* **Requirement**
Produce an exact transcription of the data, with the images left out.

* **Stored data**
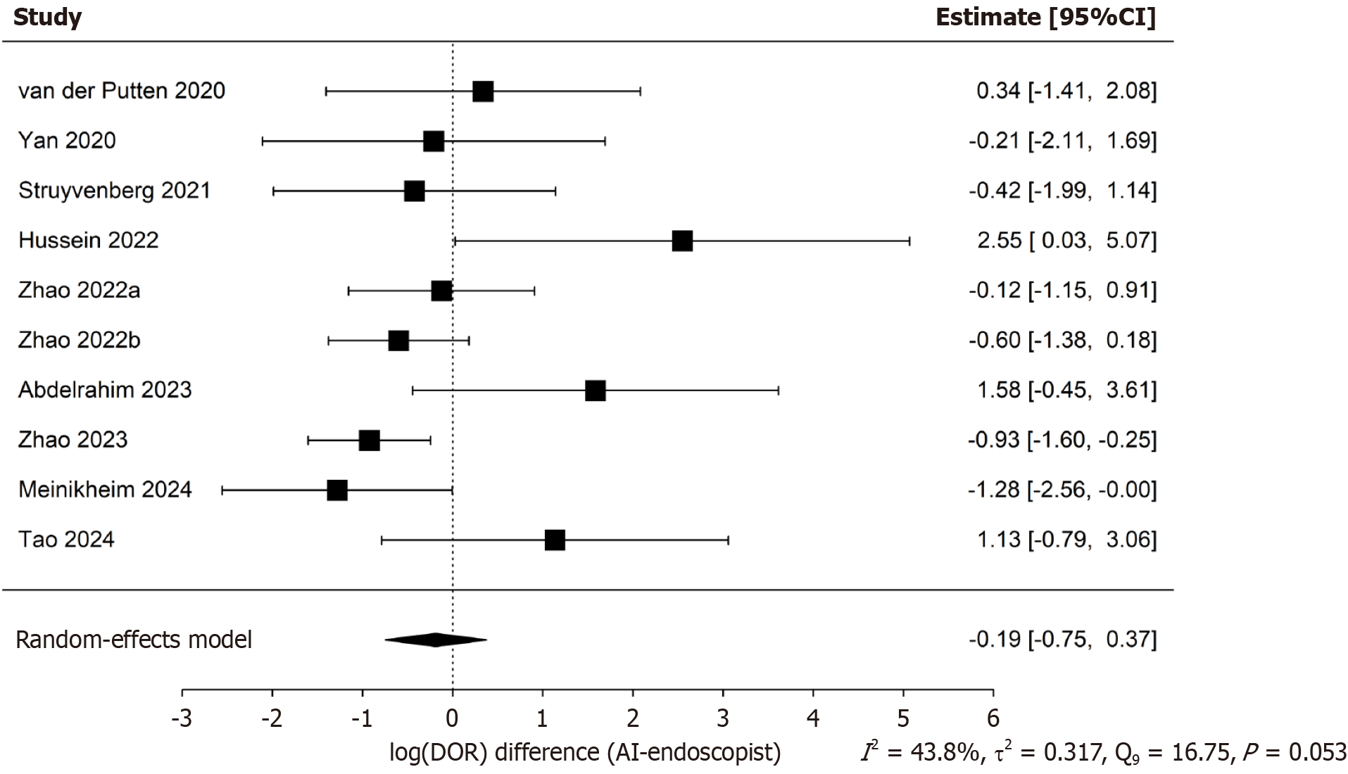 Figure 7 Forest plots of pooled logarithm of diagnostic odds ratios difference between artificial intelligence-enhanced real-time com puter-aided detection systems and conventional endoscopists across all included studies.
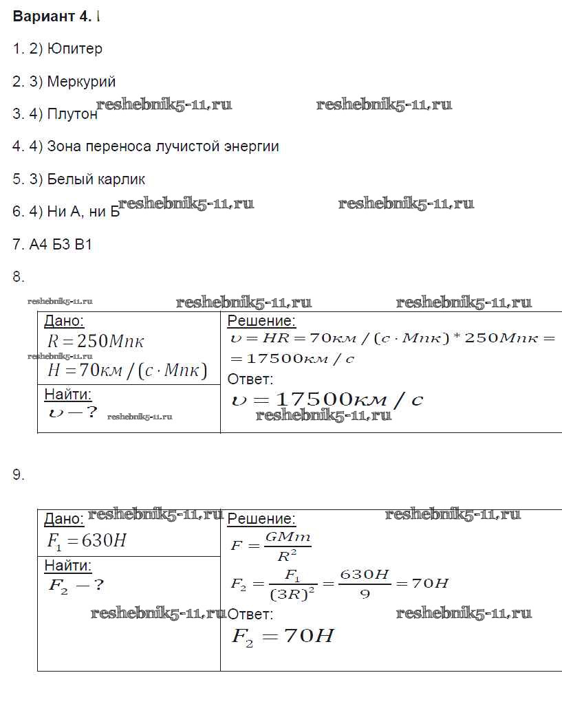 Готовая домашняя работа с ответами по Физике за 9 класс Громцева Контрольные и самостоятельные работы УМК Экзамен 2017 ФГОС - Глава 5. Варианты 4
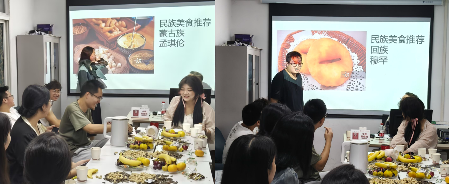 为展示新材化学院推动家庭开展共读、共制、共访活动的成果,活动现场邀请了少数民族的学生代表们带来了各自民族的美食介绍。蒙古族的代表孟琪伦为大家介绍了香气四溢的炒米,米粒粒分明,搭配奶茶,味道鲜美,充满了草原的风味。而回族的穆罕同学则分享了油香的制作过程和寓意。通过这一环节,同学们不仅了解到了美味的民族食物的制作过程,更深刻感受到了中华文化的多样性与包容性。

* **Completed task**
 Figure 7 Forest plots of pooled logarithm of diagnostic odds ratios difference between artificial intelligence-enhanced real-time com puter-aided detection systems and conventional endoscopists across all included studies.
 Готовая домашняя работа с ответами по Физике за 9 класс Громцева Контрольные и самостоятельные работы УМК Экзамен 2017 ФГОС - Глава 5. Варианты 4
 为展示新材化学院推动家庭开展共读、共制、共访活动的成果,活动现场邀请了少数民族的学生代表们带来了各自民族的美食介绍。蒙古族的代表孟琪伦为大家介绍了香气四溢的炒米,米粒粒分明,搭配奶茶,味道鲜美,充满了草原的风味。而回族的穆罕同学则分享了油香的制作过程和寓意。通过这一环节,同学们不仅了解到了美味的民族食物的制作过程,更深刻感受到了中华文化的多样性与包容性。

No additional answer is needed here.